EXERCISE BRIEF:
An exact reproduction of the records is required. Images must be left out.

MATERIAL PROVIDED:

^^^^^^^^

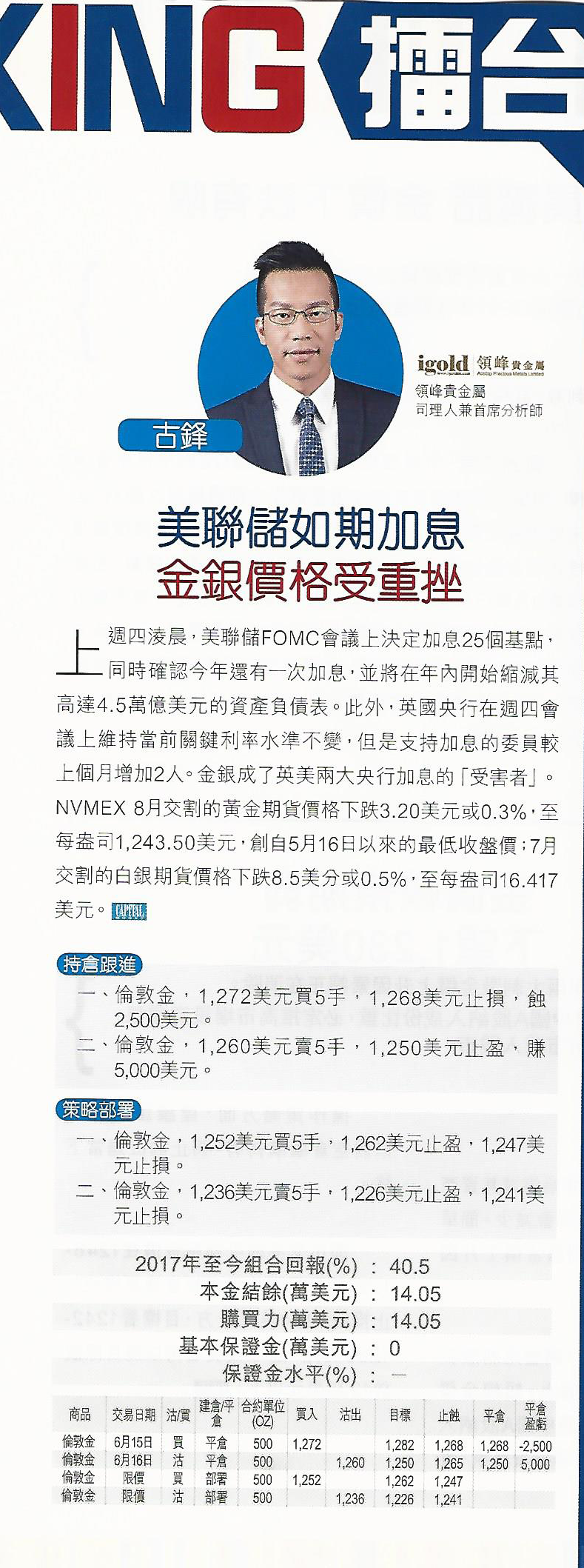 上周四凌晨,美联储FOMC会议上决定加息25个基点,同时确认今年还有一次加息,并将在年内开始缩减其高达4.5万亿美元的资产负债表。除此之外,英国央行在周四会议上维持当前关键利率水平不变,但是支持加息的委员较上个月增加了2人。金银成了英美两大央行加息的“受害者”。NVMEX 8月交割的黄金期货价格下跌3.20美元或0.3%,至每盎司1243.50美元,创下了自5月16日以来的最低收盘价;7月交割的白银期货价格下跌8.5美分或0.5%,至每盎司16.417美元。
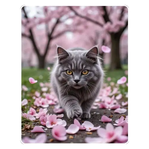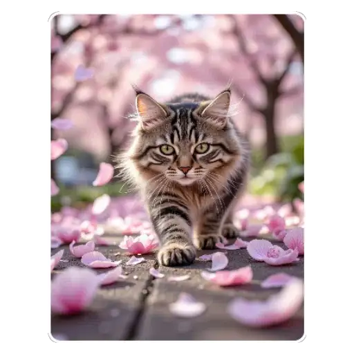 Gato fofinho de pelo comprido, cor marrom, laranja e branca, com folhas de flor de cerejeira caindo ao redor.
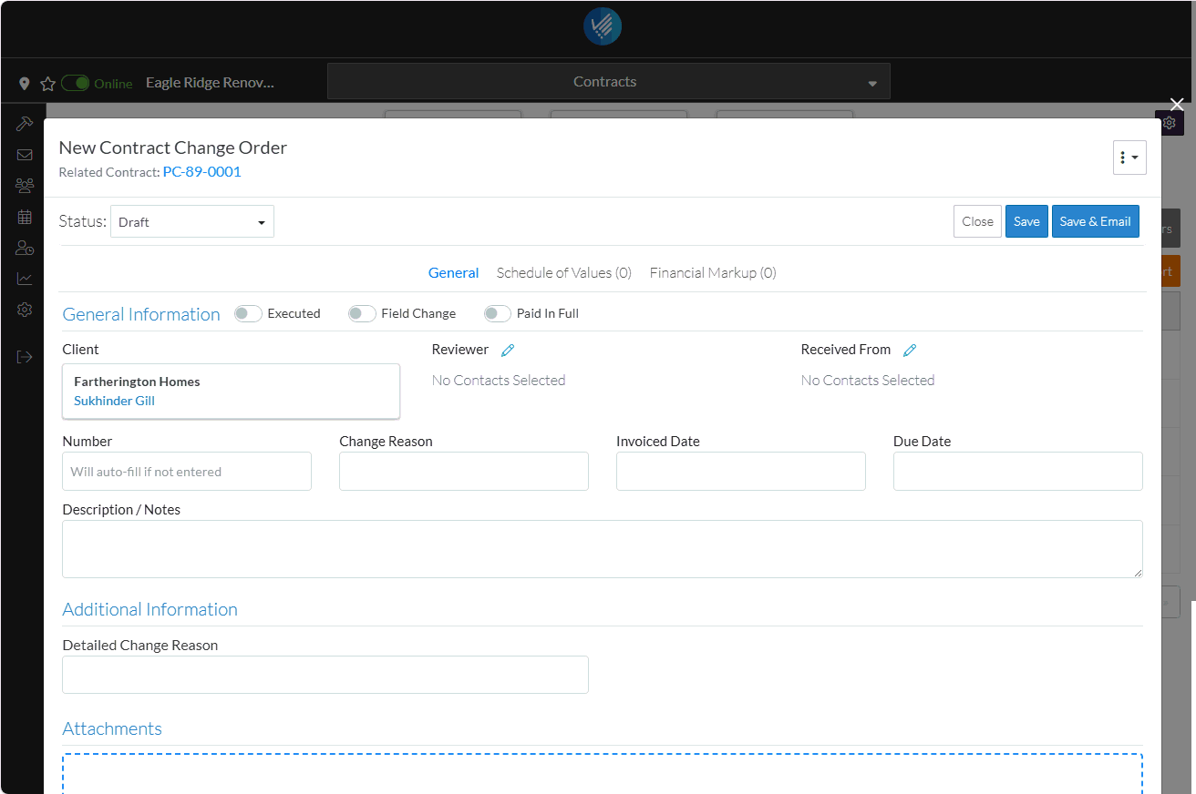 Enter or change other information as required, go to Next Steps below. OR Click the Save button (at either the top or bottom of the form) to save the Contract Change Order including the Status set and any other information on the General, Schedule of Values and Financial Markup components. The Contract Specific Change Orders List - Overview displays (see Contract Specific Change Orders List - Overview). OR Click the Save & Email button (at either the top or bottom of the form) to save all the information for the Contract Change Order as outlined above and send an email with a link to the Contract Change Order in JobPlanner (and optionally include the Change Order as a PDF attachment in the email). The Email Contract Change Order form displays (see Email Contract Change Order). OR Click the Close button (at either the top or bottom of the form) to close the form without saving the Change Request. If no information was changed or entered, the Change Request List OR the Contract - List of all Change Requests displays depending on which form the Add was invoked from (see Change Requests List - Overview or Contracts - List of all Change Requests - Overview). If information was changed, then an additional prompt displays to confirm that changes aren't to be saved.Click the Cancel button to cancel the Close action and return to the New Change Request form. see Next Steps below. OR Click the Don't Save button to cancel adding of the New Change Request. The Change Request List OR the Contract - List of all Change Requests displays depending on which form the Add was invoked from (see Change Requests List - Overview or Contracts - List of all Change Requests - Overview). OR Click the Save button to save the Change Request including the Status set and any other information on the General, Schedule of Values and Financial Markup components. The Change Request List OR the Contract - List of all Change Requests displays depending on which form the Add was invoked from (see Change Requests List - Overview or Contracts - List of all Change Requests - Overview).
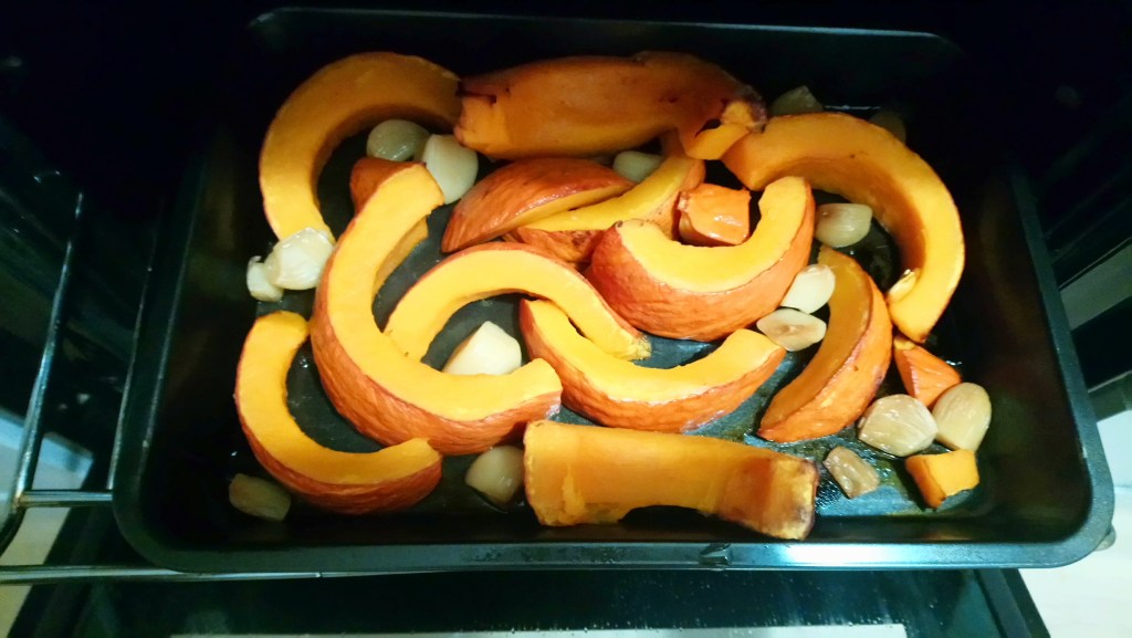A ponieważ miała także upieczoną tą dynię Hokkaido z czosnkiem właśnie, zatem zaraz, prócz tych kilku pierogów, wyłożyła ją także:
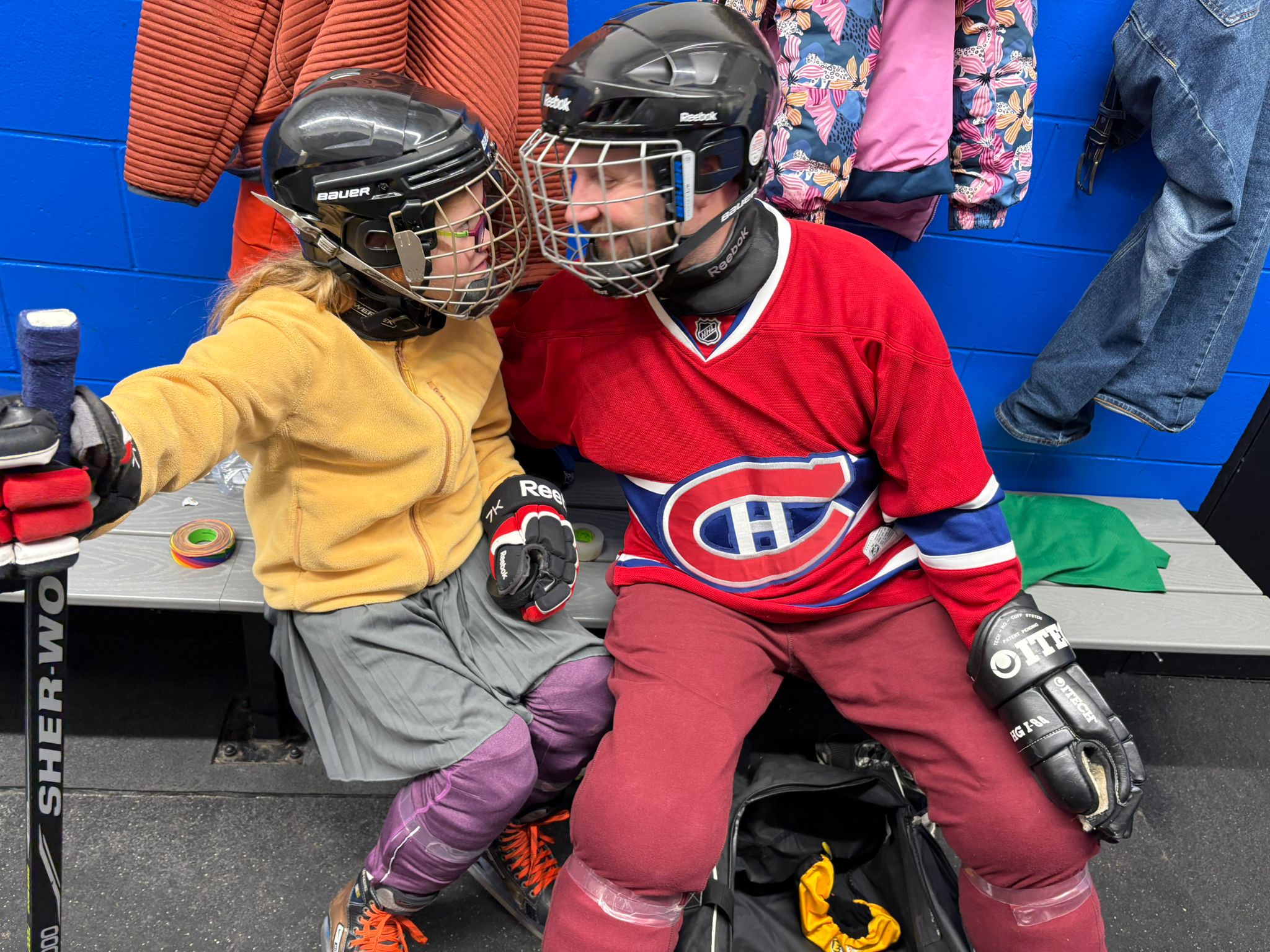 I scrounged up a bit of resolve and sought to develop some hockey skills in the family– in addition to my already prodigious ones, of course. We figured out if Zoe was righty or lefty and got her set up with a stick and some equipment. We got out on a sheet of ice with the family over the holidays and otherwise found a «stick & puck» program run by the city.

^^^^^^^^

WRITTEN ANSWER:
 上周四凌晨,美联储FOMC会议上决定加息25个基点,同时确认今年还有一次加息,并将在年内开始缩减其高达4.5万亿美元的资产负债表。除此之外,英国央行在周四会议上维持当前关键利率水平不变,但是支持加息的委员较上个月增加了2人。金银成了英美两大央行加息的“受害者”。NVMEX 8月交割的黄金期货价格下跌3.20美元或0.3%,至每盎司1243.50美元,创下了自5月16日以来的最低收盘价;7月交割的白银期货价格下跌8.5美分或0.5%,至每盎司16.417美元。
 Gato fofinho de pelo comprido, cor marrom, laranja e branca, com folhas de flor de cerejeira caindo ao redor.
 Enter or change other information as required, go to Next Steps below. OR Click the Save button (at either the top or bottom of the form) to save the Contract Change Order including the Status set and any other information on the General, Schedule of Values and Financial Markup components. The Contract Specific Change Orders List - Overview displays (see Contract Specific Change Orders List - Overview). OR Click the Save & Email button (at either the top or bottom of the form) to save all the information for the Contract Change Order as outlined above and send an email with a link to the Contract Change Order in JobPlanner (and optionally include the Change Order as a PDF attachment in the email). The Email Contract Change Order form displays (see Email Contract Change Order). OR Click the Close button (at either the top or bottom of the form) to close the form without saving the Change Request. If no information was changed or entered, the Change Request List OR the Contract - List of all Change Requests displays depending on which form the Add was invoked from (see Change Requests List - Overview or Contracts - List of all Change Requests - Overview). If information was changed, then an additional prompt displays to confirm that changes aren't to be saved.Click the Cancel button to cancel the Close action and return to the New Change Request form. see Next Steps below. OR Click the Don't Save button to cancel adding of the New Change Request. The Change Request List OR the Contract - List of all Change Requests displays depending on which form the Add was invoked from (see Change Requests List - Overview or Contracts - List of all Change Requests - Overview). OR Click the Save button to save the Change Request including the Status set and any other information on the General, Schedule of Values and Financial Markup components. The Change Request List OR the Contract - List of all Change Requests displays depending on which form the Add was invoked from (see Change Requests List - Overview or Contracts - List of all Change Requests - Overview).
A ponieważ miała także upieczoną tą dynię Hokkaido z czosnkiem właśnie, zatem zaraz, prócz tych kilku pierogów, wyłożyła ją także:
 I scrounged up a bit of resolve and sought to develop some hockey skills in the family– in addition to my already prodigious ones, of course. We figured out if Zoe was righty or lefty and got her set up with a stick and some equipment. We got out on a sheet of ice with the family over the holidays and otherwise found a «stick & puck» program run by the city.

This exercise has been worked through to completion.